O jornal “A Federação” publica, desde a última edição, o artigo do padre Jean Poul Hansen, secretário executivo de Campanhas na CNBB. O texto procura explicar os principais aspectos presentes no Texto-base da CF-2024.

2. As causas e o diagnóstico

O que nos tem levado a esse tipo de comportamento [relatado na primeira parte do artigo] são a destruição da coletividade e a construção do indivíduo solitário e autossuficiente – ou, como diz o papa Francisco, autorreferencial –; a construção de um inimigo comum, como o único elemento aglutinador, na sociedade, capaz de retirar as pessoas do seu subjetivismo individualista; a mentalidade de que o conflito e a guerra são geradores de vida e desenvolvimento; a ideologia da invisibilização da inimizade social e a normalização da competição e da meritocracia, dando assim permissão para eliminar o outro.

O triste diagnóstico que fazemos é que nós, na nossa sociedade atual, sofremos de grave alterofobia, ou seja, medo, rejeição e aversão a tudo aquilo que é outro, tudo o que não sou eu mesmo.

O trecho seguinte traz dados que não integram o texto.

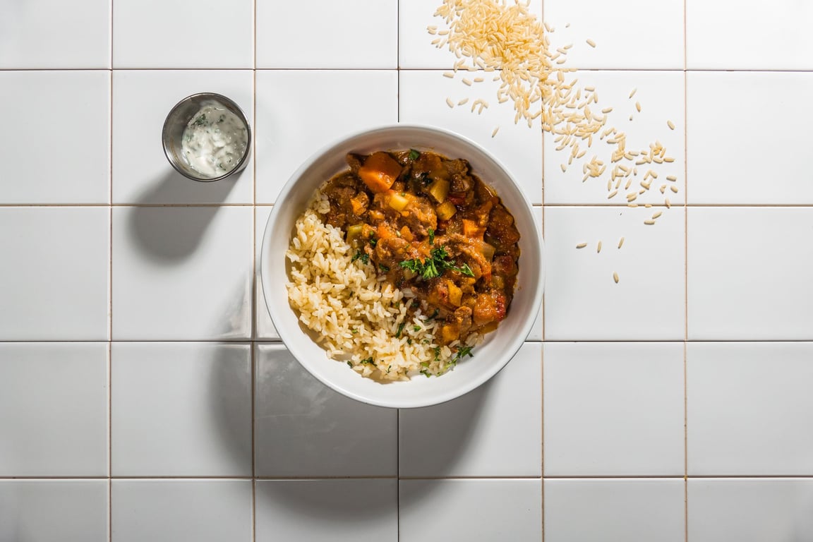 Ingredients: beef (sirloin tip), brown rice, crushed tomato, beef stock, sour cream, turnip, onion, celery, carrot, potato starch, tomato paste, extra virgin olive oil, garlic, parsley, parsley, chives, cilantro, lemon juice, caraway, salt, black pepper, paprika, salt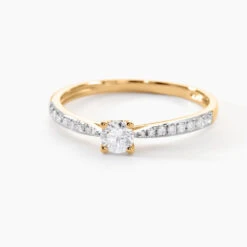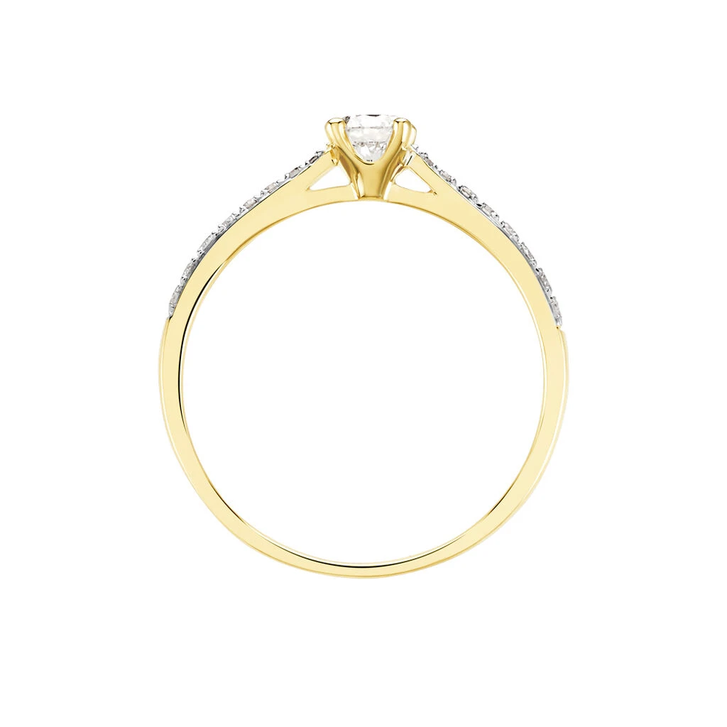Solitaire Or Jaune 375/1000 Diamant Central 0.20cts Serti Griffes Accompagne Diamants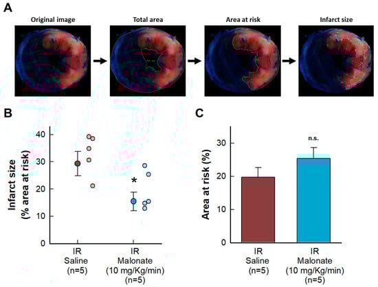 Effects of intravenous disodium malonate (10 mg/kg/min), given during the last 5 min of coronary occlusion and the first 15 min of reperfusion, on infarct size in mice subjected to 45 min of LAD occlusion and 24 h of reperfusion. (A) Method used to delineate the total slice area and the size of the area at risk and infarction. (B) Mean infarct size and individual values in both groups of animals. (C) Size of the area at risk. n.s. indicates no significant differences, whereas * (p < 0.05) indicates significant differences vs. control hearts (Student’s t test, n = 5/group).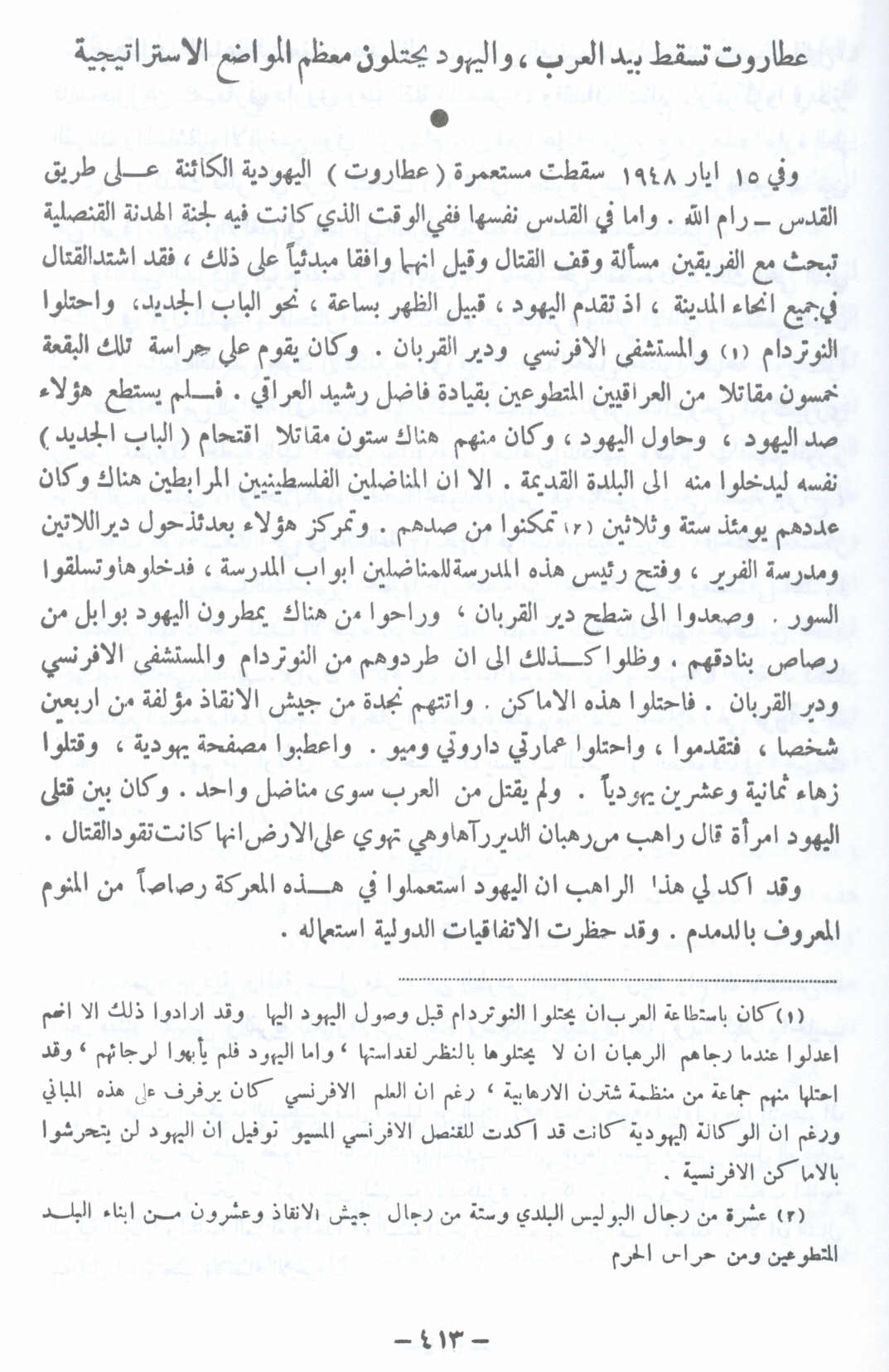 سقوط مستعمرة عطاروت بيد العرب، واليهود يحتلون معظم المواضع الإسترتيجية - 15 أيار 1948 -- النكبة الفلسطينية والفردوس المفقود للأستاذ عارف العارف |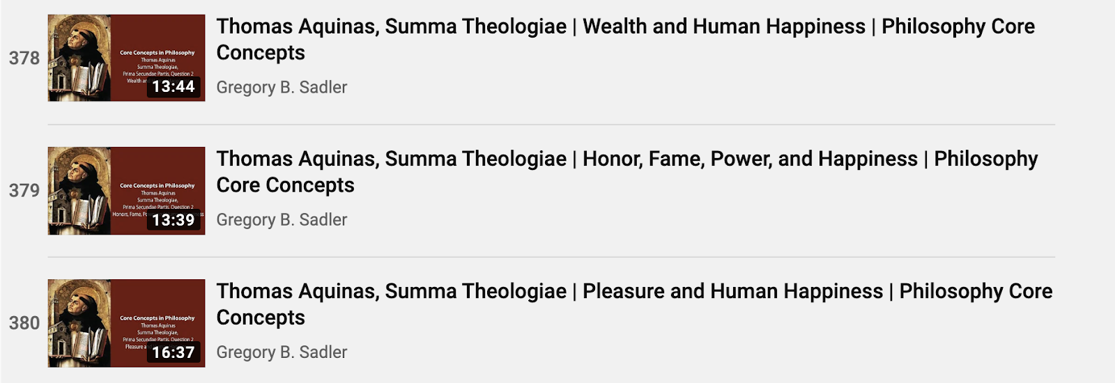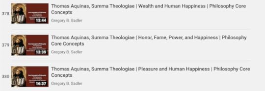 I created another set of short lecture videos for my students, enrolled in my Introduction to Philosophy and my Foundations in Philosophy classes, focused on a key discussion by Thomas Aquinas in question 2 of the First Part of the Second Part of his Summa Theologiae. It is often called the "treatise on happiness", and that is the focus of those discussions. What is the nature of human happiness? What - among the things that people think will make them happy - really does ma...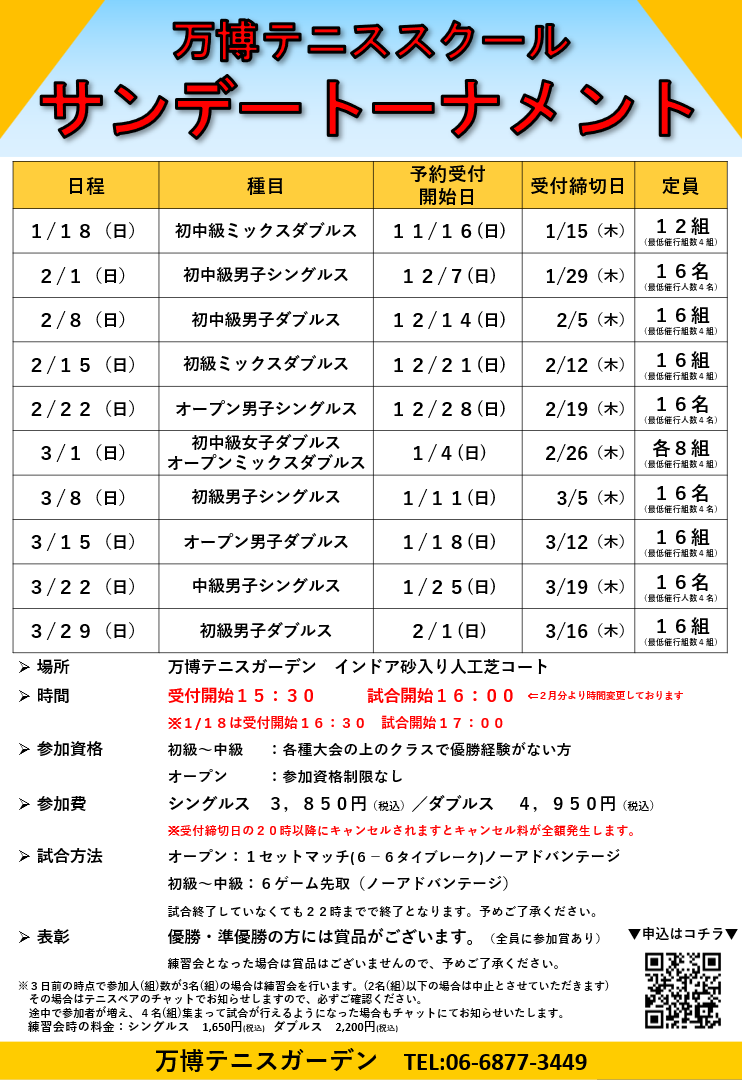 申込仕様変更によりサービスエースでのお申込みは出来かねます。 テニスベアでお申込みをお願いします。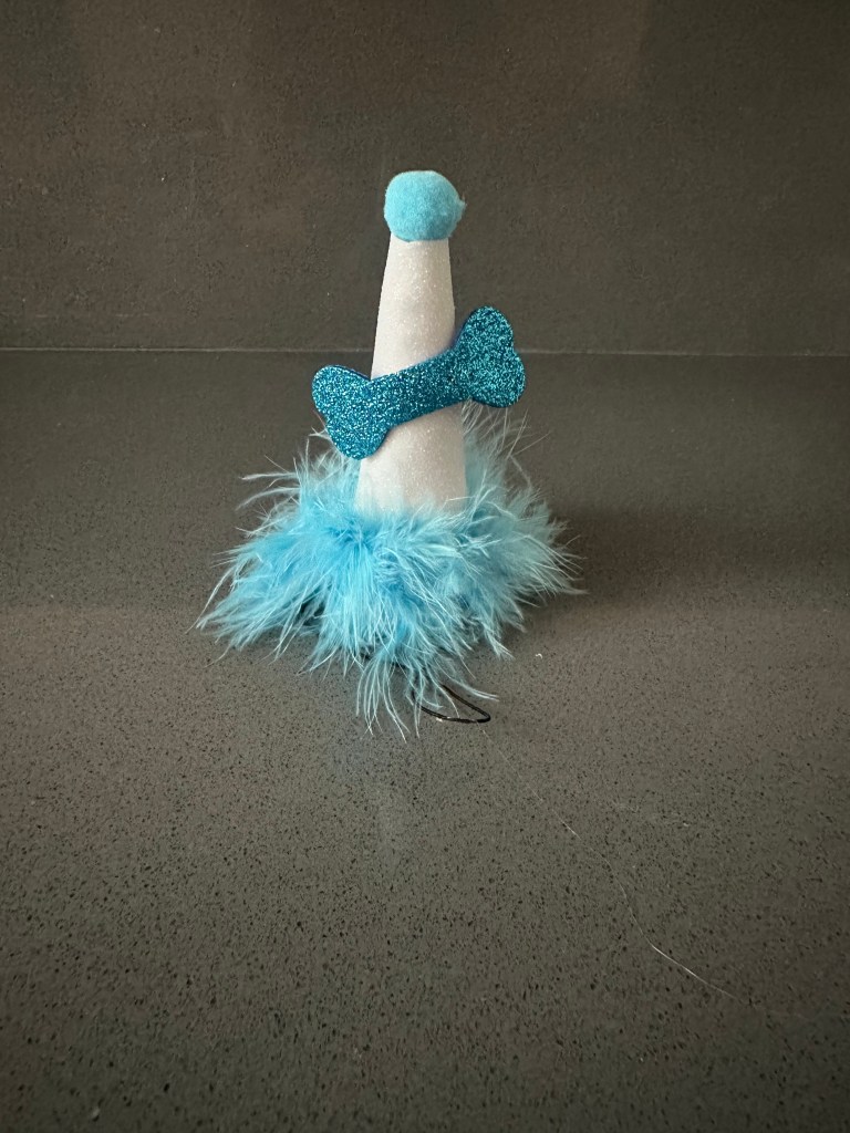 Köpek şapkası; 12 cm yükseklik 6 cm çapındadır. İçi elyaf dolgulu külah şeklinde 2 cm çapında ponponlu kukuleta simli eva ile kemik tasarıma sahiptir. Taban kısmında otriş tüy ya da ponpon bulunur. Şapkanın 30 cm uzunluğunda ince lastiği mevcuttur.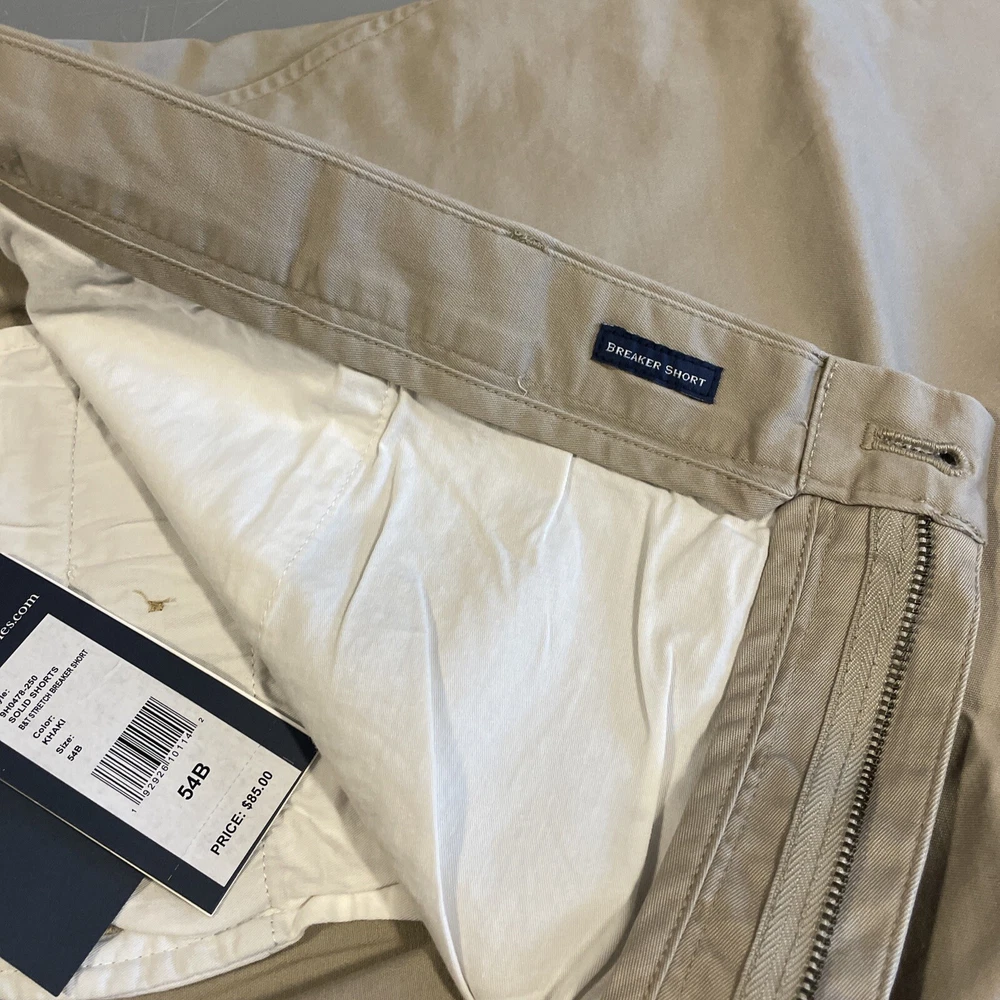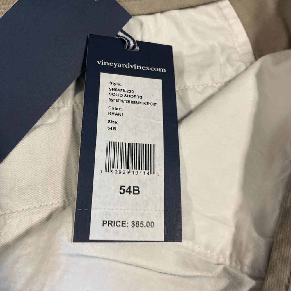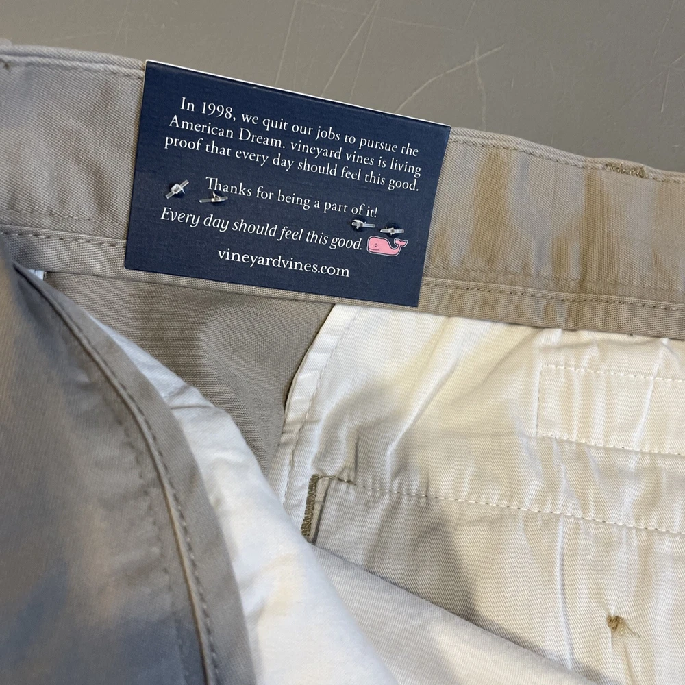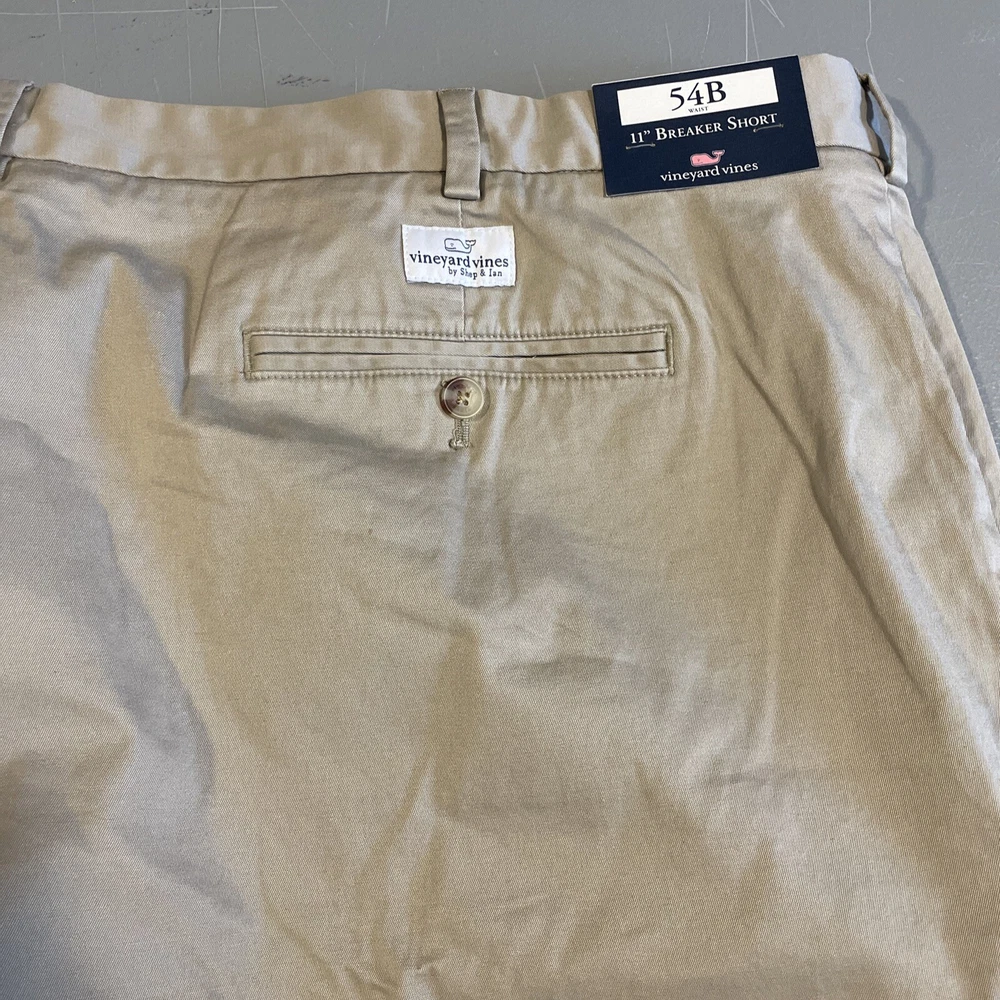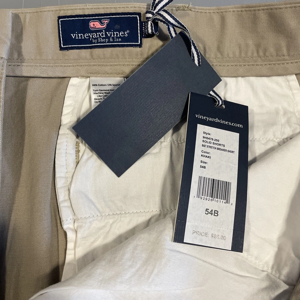 Elevate your summer wardrobe with these stylish and comfortable Vineyard Vines khaki shorts in size 54B. The breathable spandex and cotton blend material, paired with a flat front and stretchy fit, make these shorts perfect for any casual occasion. With a solid pattern and beige color, these chino-style shorts feature pockets and a generous 11 inch inseam. Designed for big and tall men, they are the perfect addition to any warm weather outfit. Don't miss out on these new with tags, high-quality shorts from a top brand.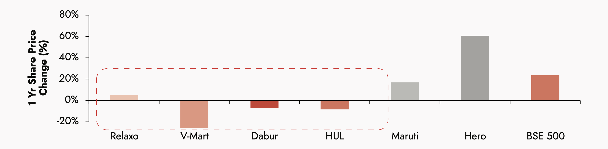 - Mass footwear companies like Bata/Relaxo witnessed significant decline in profitability;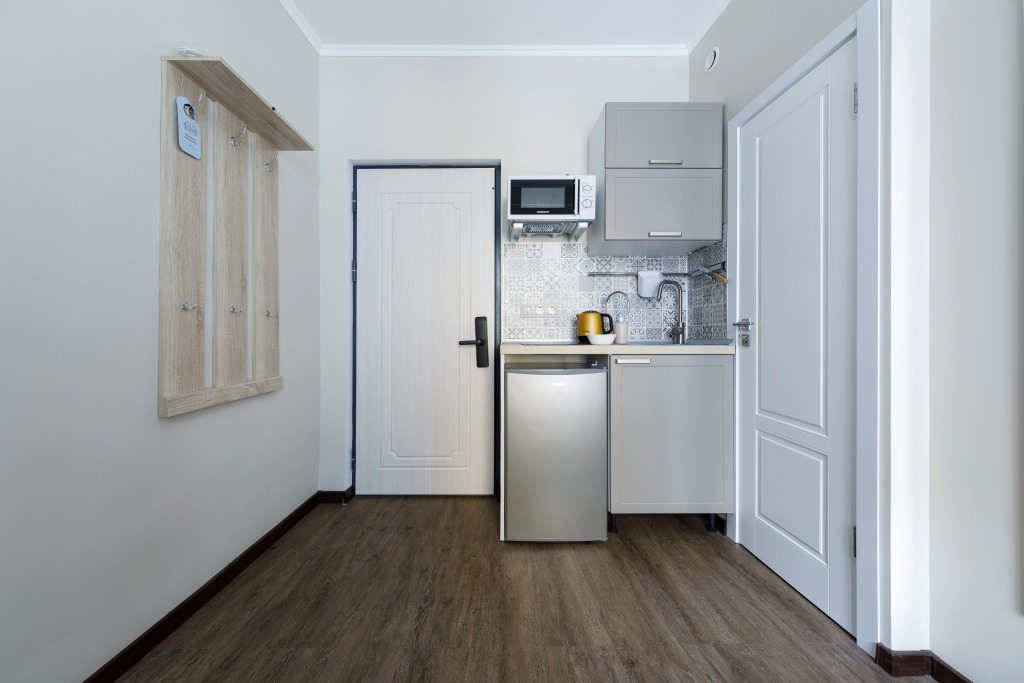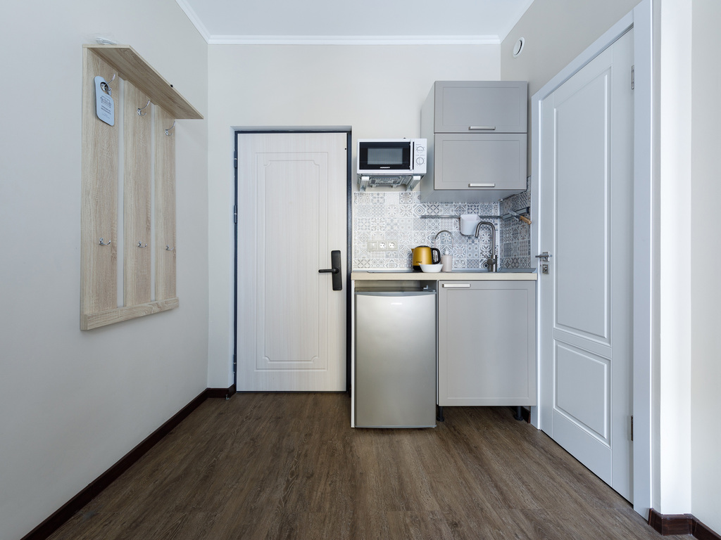 Отель насчитывает 4 комфортабельных номера различных категорий вместимостью от 1 до 2 человек. Современные номера отеля оборудованы индивидуальной ванной комнатой с душевой кабиной, феном и косметическими принадлежностями, удобной кроватью и телевизором со встроенным Smart-TV. В каждом номере есть своя мини-кухня со всем необходимым.

A palavra é estranha, mas a situação que ela indica é real, presente e incisiva dia após dia, alimentando mentalidades e gerando atitudes. A outra pessoa, a outra causa, o outro sonho, o outro esforço, tudo, enfim, que não seja eu mesmo acaba por se tornar desnecessário, ameaçador, destinado à rejeição e até mesmo à eliminação e extinção.

Resumindo, sofremos de alterofobia, causada pelo hiperindividualismo. Esse é o diagnóstico. É isso que precisamos atacar.

Sofremos de um agudo processo de subjetivação, isto é, a única ótica que importa é a minha. Rejeitamos tudo que é diferente de nós mesmos porque deixamos crescer demasiadamente, num processo de inchaço, nosso próprio eu, desencadeando, assim, um processo de fechamento ao outro. Não há dúvidas de quanto é positiva a individualidade; isso não se põe em pauta. No entanto, aquilo que conquistamos como um grande valor passou a ser como um dos nossos maiores limites. Vivemos fisicamente próximos, mas absolutamente distantes, num império das individualidades, e aquilo que é comum parece ter caído em desuso.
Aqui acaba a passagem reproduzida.